Understanding that the classic four‑year crypto cycle may be obsolete reshapes how investors price risk and allocate capital, while Ethereum’s strategic positioning and upcoming upgrades could drive the next wave of institutional adoption and market growth.
The Bankless Weekly episode features Ethereum evangelist Anthony Sassano debating whether the historic four‑year crypto cycle still applies. Sassano argues that the traditional top‑to‑bottom or bottom‑to‑bottom pattern that has guided Bitcoin and alt‑coin expectations is breaking down, citing the atypical price dynamics of the current cycle and the influence of new institutional participants.
He points to several data points: ETH has rebounded above $3,000, up 4% on the week, while Bitcoin hovers near $90,000. The October 10 crash wiped out a large swath of leveraged alt‑coin positions, but ETH and BTC showed relative resilience. Sassano notes that Bitcoin’s price action now resembles a “step‑up” pattern—periodic sideways moves with modest volatility—rather than the rapid spikes and crashes of prior cycles.
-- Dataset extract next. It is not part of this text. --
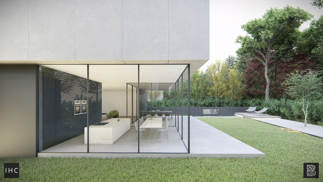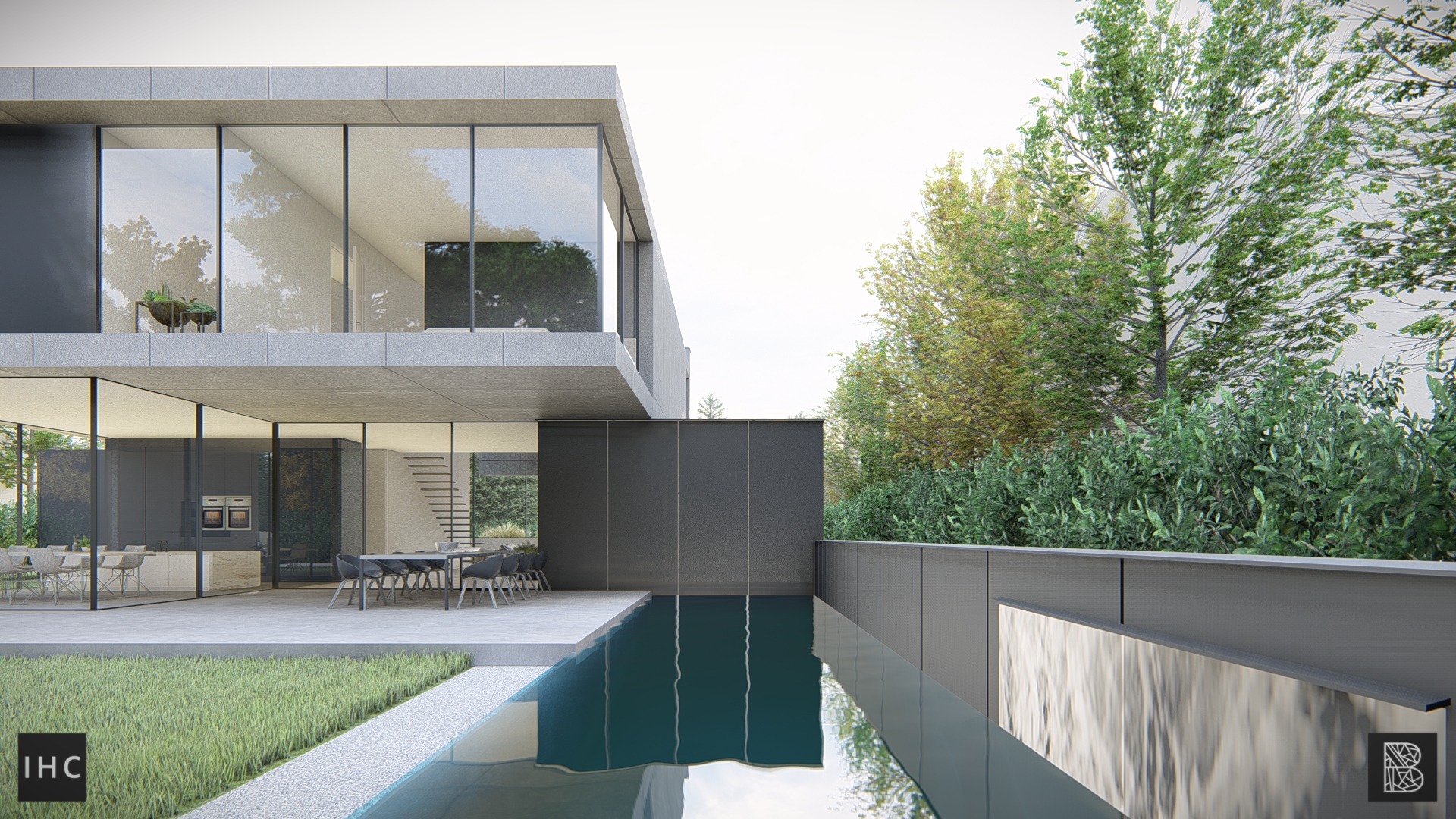 Through a combination of clever structural design, materialisation and usage of glass panels, the upper concrete volume seems to float. This creates a dramatic and dynamic design and also provides a covered outdoor terrace, protected from rain and sun. The large glass panels create an optimal connection with the garden and the koi pond. The pond is framed with architectural lines that extend in the garden, creating a finished composition.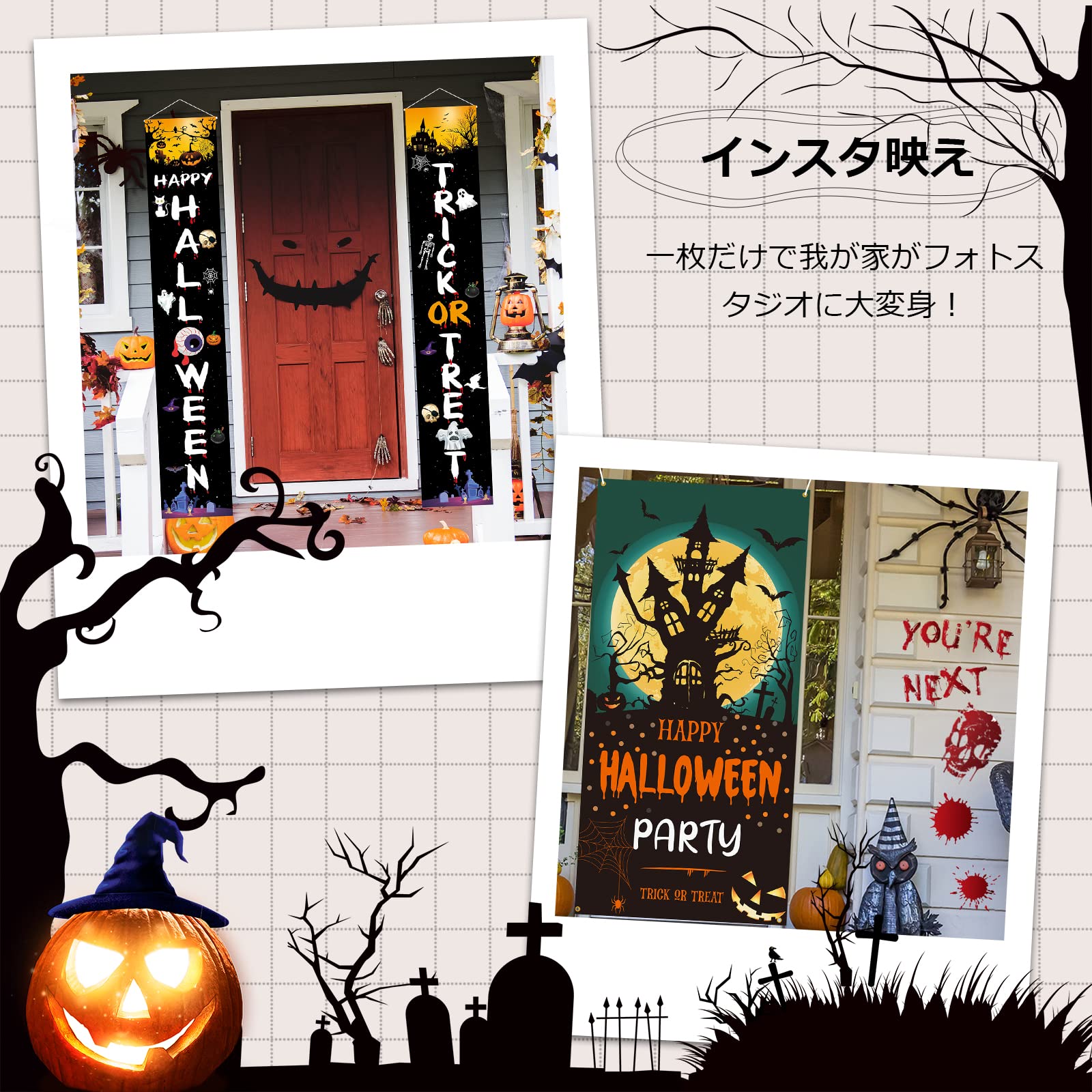 インスタ映えグッズ:壁に飾るだけでフォトジェニックなスポットを手軽におうちの中に作り出すことができます。今年は簡単なホームデコで、“映える写真”を撮って、おうちハロウィンを楽しんでみてはいかがでしょうか。

He also highlights macro‑level liquidity trends, emphasizing that despite high interest‑rate environments, the market is already pricing in an easing cycle, which could decouple crypto from traditional liquidity cycles.
Key quotes underscore the shift: “The four‑year cycle is dead,” Sassano says, while Tom Lee, quoted in the show, maintains a bullish “super‑cycle” outlook, predicting ETH could reach $60K. Sassano also references the October alt‑coin implosion, describing it as the worst in history, and warns that opaque exchanges and forced liquidations amplified the sell‑off, creating an “unorderly” market environment.
The implications for investors are clear: traditional cycle‑based timing may no longer be reliable, and capital may gravitate toward Ethereum’s more mature ecosystem, especially as upcoming upgrades like the Fusaka hard fork and ZK‑rollup developments promise scalability and security enhancements. Stakeholders should monitor institutional inflows, liquidity shifts, and protocol upgrades rather than relying on historical cycle calendars.